The WCJ relied on the double hearsay of what applicant allegedly told his secretary because the site of the accident was closer to his home than the place where the papers were to be filed which would have been on his way to work the next day. Thus, the totality of the circumstances made the hearsay testimony more reliable than the applicant’s admittedly impaired memory. The Court commented in a footnote, “The hearsay appears to have been of the type upon which reasonable persons might rely and it was therefore properly admitted and could properly be used to support the findings.”

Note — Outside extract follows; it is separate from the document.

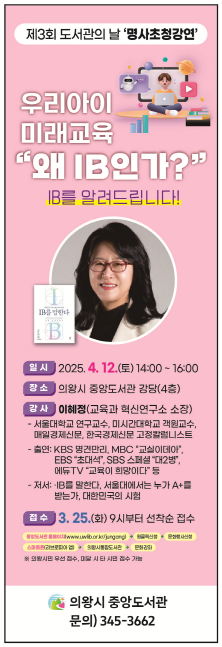 Àǿսà Áß¾Óµµ¼°üÀº IB ±³À° Àü¹®°¡ÀÎ ÀÌÇýÁ¤ ¼ÒÀå(±³À°°úÇõ½Å¿¬±¸¼Ò)À» ÃÊÃ»ÇØ IB ±³À°ÀÇ ¹Ì·¡¸¦ °øÀ¯ÇÏ´Â ½Ã°£À» °®´Â´Ù. À̹ø Ư°Àº Áö³ 3¿ù, Àü±¹ ÃÖÃÊ·Î IB±³À° °úÁ¤À» µµÀÔÇÑ Áß․°í ÅëÇÕ Æ¯¼ºÈ Çб³ÀÎ ³»¼ÕÁß°íµîÇб³ÀÇ °³±³¿¡ ¹ß ¸ÂÃß¾î ¸¶·ÃµÆ´Ù. 4¿ù 12ÀÏ Àǿսà Áß¾Óµµ¼°ü 4Ãþ °´ç¿¡¼ ¿ÀÈÄ 2½ÃºÎÅÍ ÁøÇàµÇ´Â Ư°Àº Çлý¡¤Çкθð µî °ü½ÉÀÖ´Â ´©±¸³ª Âü¿©ÇÒ ¼ö ÀÖÀ¸¸ç, 25ÀϺÎÅÍ Áß¾Óµµ¼°ü ȨÆäÀÌÁö(¿øÅ¬¸¯½Åû – ¹®ÈÇà»ç½Åû)¸¦ ÅëÇØ ½ÅûÇÏ¸é µÈ´Ù.

In another unpublished appellate decision in Laidlaw v. WCAB (1986) 51 Cal. Comp. Cases 397 (court of appeal opinion not published in official reports), the WCAB found against a lien claimant, Kaiser Permanente, in connection with employment and injury disputes because it believed that the applicant’s hearsay testimony, contained in the Kaiser records, that he was injured while working for the defendant employer, was insufficient to carry his burden of proof. Reversing, the Court of Appeal explained why it found the hearsay to be reliable in an extensive discussion of the subject. It also found that while the statement was double hearsay, each component of the hearsay fell into exceptions to the hearsay rule. The Court annulled the WCAB’s decision and remanded for further proceedings consistent with its opinion.
In a more recent panel decision in Redwine v. County of Merced, 2012 Cal. Wrk. Comp. P.D. LEXIS 311 (Appeals Board panel decision), the applicant filed a Labor Code §132a claim for unlawful discrimination. She testified that her supervisor made disparaging comments about her to the staff. No other witness confirmed this testimony and the supervisor denied it. In the Report and Recommendation on Reconsideration which was adopted by the WCAB panel, the WCJ stated: “Applicant's claim must fail for the mere fact that Applicant cannot establish, on a factual basis, that the statements were actually made.” Presumably, if the disparaging statements had been made to “the staff,” as claimed by the applicant, she should have been able to find at least one other witness to back up her story. Thus, her hearsay testimony was unreliable.
It seems clear from a reading of the case law that hearsay in workers’ compensation cases is not an indication that the WCAB blindly accepts double and triple hearsay without corroboration or reason to believe the evidence is accurate. Rather, the case law confirms that much of the proffered hearsay would be admissible under one of the statutory exceptions to the hearsay rule and in the other cases, the circumstances are such that the hearsay is reliable.
Additionally, if hearsay testimony could easily be corroborated by direct testimony and documents that shouldn’t be difficult for the party to obtain, the WCAB and the Courts are likely to view the hearsay evidence with suspicion.
PRACTICE TIP: Although hearsay evidence is not inadmissible, there are circumstances where it should not and cannot be relied upon, especially in the case of double and triple hearsay. Therefore, it may be good practice to object to unreliable hearsay testimony and documents at trial merely to point out to the WCJ that they do not constitute substantial evidence to prove any disputed fact.